Work to complete. Look for "first" in each line of the entries, and return the matching lines.

[Records drawn from a dataset]
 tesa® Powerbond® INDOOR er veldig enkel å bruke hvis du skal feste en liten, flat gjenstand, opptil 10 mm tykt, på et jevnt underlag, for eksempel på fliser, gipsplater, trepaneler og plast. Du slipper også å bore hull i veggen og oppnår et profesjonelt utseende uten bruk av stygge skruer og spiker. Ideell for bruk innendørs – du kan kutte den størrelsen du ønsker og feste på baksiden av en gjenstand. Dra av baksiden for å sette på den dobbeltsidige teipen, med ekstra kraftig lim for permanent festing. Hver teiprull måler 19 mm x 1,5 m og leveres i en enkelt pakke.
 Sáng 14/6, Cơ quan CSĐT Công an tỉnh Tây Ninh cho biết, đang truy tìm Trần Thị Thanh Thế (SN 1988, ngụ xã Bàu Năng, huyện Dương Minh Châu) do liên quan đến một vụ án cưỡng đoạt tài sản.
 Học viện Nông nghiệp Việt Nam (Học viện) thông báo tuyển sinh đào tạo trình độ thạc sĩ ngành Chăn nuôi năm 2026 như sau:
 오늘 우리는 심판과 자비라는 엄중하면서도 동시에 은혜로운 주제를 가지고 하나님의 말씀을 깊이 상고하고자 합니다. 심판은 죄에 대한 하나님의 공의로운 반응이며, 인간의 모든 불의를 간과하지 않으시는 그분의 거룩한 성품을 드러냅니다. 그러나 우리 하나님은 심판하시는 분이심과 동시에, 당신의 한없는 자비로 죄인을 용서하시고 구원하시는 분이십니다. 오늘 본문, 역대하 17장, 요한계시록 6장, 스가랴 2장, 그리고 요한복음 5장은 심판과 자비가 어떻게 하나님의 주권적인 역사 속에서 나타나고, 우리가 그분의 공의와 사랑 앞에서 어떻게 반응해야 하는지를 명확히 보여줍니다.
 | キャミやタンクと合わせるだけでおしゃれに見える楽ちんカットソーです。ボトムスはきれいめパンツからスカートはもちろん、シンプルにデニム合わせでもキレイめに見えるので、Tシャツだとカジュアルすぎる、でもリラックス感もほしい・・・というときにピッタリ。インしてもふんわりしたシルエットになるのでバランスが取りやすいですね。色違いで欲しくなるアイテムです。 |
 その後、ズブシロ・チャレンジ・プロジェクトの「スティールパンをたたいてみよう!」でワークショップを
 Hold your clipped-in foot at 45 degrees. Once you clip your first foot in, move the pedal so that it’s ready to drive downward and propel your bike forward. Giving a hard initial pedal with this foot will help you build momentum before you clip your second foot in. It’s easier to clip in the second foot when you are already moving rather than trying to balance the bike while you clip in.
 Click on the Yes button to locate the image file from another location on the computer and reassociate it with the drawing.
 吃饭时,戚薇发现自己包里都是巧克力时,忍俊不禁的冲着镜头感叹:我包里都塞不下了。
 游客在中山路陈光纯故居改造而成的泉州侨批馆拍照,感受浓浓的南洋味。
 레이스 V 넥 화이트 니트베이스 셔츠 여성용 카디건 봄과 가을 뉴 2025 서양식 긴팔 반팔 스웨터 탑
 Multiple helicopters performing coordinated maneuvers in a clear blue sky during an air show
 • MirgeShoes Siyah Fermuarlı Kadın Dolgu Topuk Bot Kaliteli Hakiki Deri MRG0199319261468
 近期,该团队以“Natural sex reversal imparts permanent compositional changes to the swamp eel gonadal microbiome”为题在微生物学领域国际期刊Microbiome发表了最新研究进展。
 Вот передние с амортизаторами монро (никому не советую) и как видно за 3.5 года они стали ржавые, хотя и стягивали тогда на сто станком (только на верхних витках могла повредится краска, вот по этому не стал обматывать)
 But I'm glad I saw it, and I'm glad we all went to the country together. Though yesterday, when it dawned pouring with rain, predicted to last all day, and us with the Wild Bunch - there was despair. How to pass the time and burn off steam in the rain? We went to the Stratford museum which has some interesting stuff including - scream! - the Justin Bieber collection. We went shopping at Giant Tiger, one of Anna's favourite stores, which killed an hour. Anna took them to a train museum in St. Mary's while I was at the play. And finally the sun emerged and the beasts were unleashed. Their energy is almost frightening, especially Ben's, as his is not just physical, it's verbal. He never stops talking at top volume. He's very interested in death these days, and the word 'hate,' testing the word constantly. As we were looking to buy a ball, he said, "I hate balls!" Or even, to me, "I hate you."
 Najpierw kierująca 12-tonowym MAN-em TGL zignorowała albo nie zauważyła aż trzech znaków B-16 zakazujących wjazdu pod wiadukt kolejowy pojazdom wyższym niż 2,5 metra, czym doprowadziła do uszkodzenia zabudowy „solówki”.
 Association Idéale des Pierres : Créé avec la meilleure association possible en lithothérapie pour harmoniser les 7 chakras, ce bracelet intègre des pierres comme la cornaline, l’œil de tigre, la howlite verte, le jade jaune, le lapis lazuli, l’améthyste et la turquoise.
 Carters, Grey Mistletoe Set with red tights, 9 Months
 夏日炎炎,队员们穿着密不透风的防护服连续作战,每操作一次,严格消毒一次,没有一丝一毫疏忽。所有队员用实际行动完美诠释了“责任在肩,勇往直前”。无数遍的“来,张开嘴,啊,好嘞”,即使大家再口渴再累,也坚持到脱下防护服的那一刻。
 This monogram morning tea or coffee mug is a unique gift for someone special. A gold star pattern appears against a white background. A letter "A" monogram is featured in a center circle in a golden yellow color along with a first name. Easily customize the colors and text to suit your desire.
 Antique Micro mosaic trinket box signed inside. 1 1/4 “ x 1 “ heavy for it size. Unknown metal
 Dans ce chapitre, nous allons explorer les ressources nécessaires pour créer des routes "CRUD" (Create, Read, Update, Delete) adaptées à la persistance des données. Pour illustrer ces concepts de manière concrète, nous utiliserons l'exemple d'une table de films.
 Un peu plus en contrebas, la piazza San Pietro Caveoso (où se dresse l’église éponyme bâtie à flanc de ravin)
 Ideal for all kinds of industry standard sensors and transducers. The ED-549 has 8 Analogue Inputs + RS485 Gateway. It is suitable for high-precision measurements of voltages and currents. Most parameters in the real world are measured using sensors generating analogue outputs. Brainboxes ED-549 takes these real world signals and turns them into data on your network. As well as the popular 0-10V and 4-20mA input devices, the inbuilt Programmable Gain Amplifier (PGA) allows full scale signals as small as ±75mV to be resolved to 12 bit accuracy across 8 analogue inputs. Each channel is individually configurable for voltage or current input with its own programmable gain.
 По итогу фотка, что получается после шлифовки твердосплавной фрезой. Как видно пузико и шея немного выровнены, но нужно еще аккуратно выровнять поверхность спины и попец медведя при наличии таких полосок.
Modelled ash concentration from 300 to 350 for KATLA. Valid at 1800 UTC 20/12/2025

Answer section.
 Hold your clipped-in foot at 45 degrees. Once you clip your first foot in, move the pedal so that it’s ready to drive downward and propel your bike forward. Giving a hard initial pedal with this foot will help you build momentum before you clip your second foot in. It’s easier to clip in the second foot when you are already moving rather than trying to balance the bike while you clip in.
 This monogram morning tea or coffee mug is a unique gift for someone special. A gold star pattern appears against a white background. A letter "A" monogram is featured in a center circle in a golden yellow color along with a first name. Easily customize the colors and text to suit your desire.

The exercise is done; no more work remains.